Supplied records:
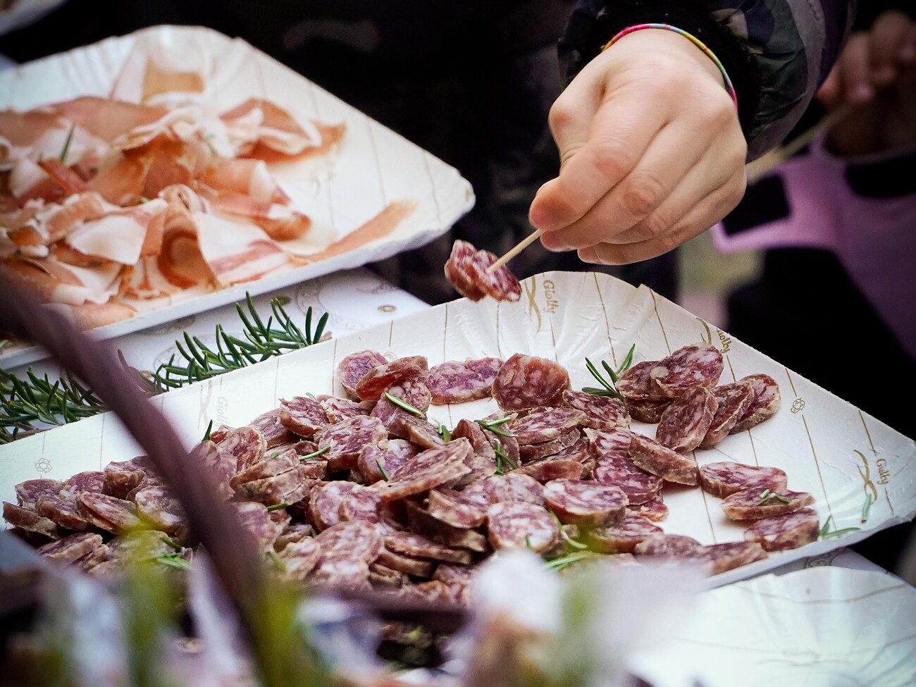 Dabei bietet sich den Gästen die Gelegenheit, im Anschluss an die Schlossführung, typische lokale Produkte zu verkosten, die von den Produzenten an Ständen im Schlosshof angeboten werden.
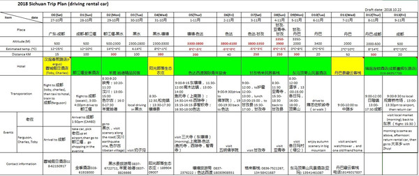 我有时候是一个完美主义者,对于自己感兴趣的事情总爱钻研,不错过任何细节,不到没有把握就不会付诸行动。比如这次川西北旅行,我花了无数功夫,做了大量功课,最终炮制出让队友咋舌的无比详细的旅行计划。
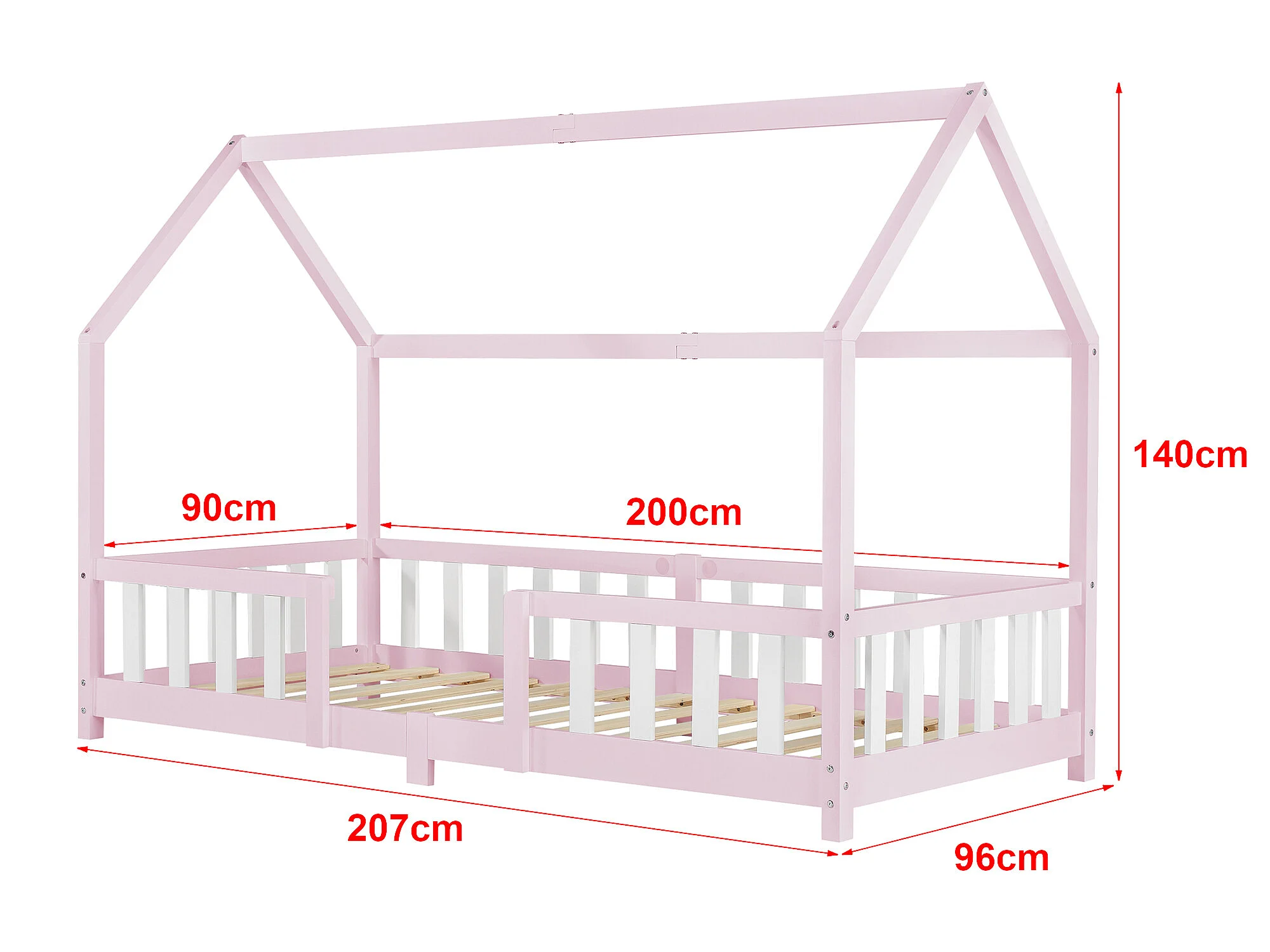 Lit d'Enfant Design Forme Maison Sisimiut Pin 200 x 90 cm Rose Blanc Mat Laqué [en.casa]
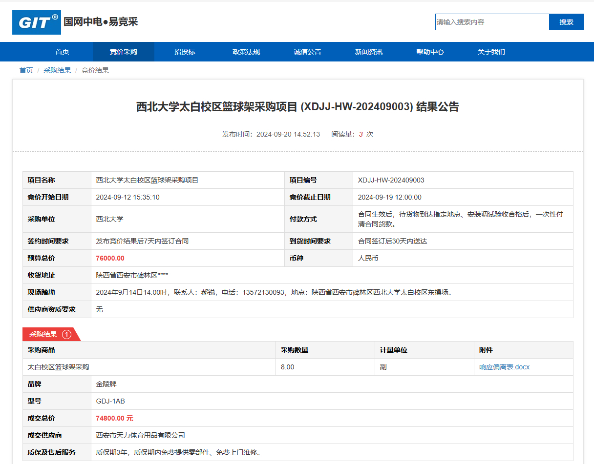 8868体育登录太白校区篮球架采购项目 (XDJJ-HW-202409003)竞价结果公告 作者: 编辑: 时间:2024-09-20 原公告链接:https://www.ejingcai.com.cn/site/bidding/detail/12756
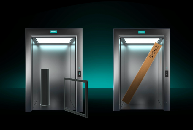 想在家享受影院般的大屏,首先要能把電視裝進家里。百吋大屏入梯、入戶,可是折磨無數(shù)用戶的一大難題。最后的解決方案,無外乎拆門拆窗,甚至于出動吊車,聲勢浩大地將大屏電視請回家。對此,海信推出可折疊安裝方案,徹底解決了這一行業(yè)普遍痛點。

Exercise: What's needed is every line above, retyped exactly and free of pictures.

Answer below:
 Dabei bietet sich den Gästen die Gelegenheit, im Anschluss an die Schlossführung, typische lokale Produkte zu verkosten, die von den Produzenten an Ständen im Schlosshof angeboten werden.
 我有时候是一个完美主义者,对于自己感兴趣的事情总爱钻研,不错过任何细节,不到没有把握就不会付诸行动。比如这次川西北旅行,我花了无数功夫,做了大量功课,最终炮制出让队友咋舌的无比详细的旅行计划。
 Lit d'Enfant Design Forme Maison Sisimiut Pin 200 x 90 cm Rose Blanc Mat Laqué [en.casa]
 8868体育登录太白校区篮球架采购项目 (XDJJ-HW-202409003)竞价结果公告 作者: 编辑: 时间:2024-09-20 原公告链接:https://www.ejingcai.com.cn/site/bidding/detail/12756
 想在家享受影院般的大屏,首先要能把電視裝進家里。百吋大屏入梯、入戶,可是折磨無數(shù)用戶的一大難題。最后的解決方案,無外乎拆門拆窗,甚至于出動吊車,聲勢浩大地將大屏電視請回家。對此,海信推出可折疊安裝方案,徹底解決了這一行業(yè)普遍痛點。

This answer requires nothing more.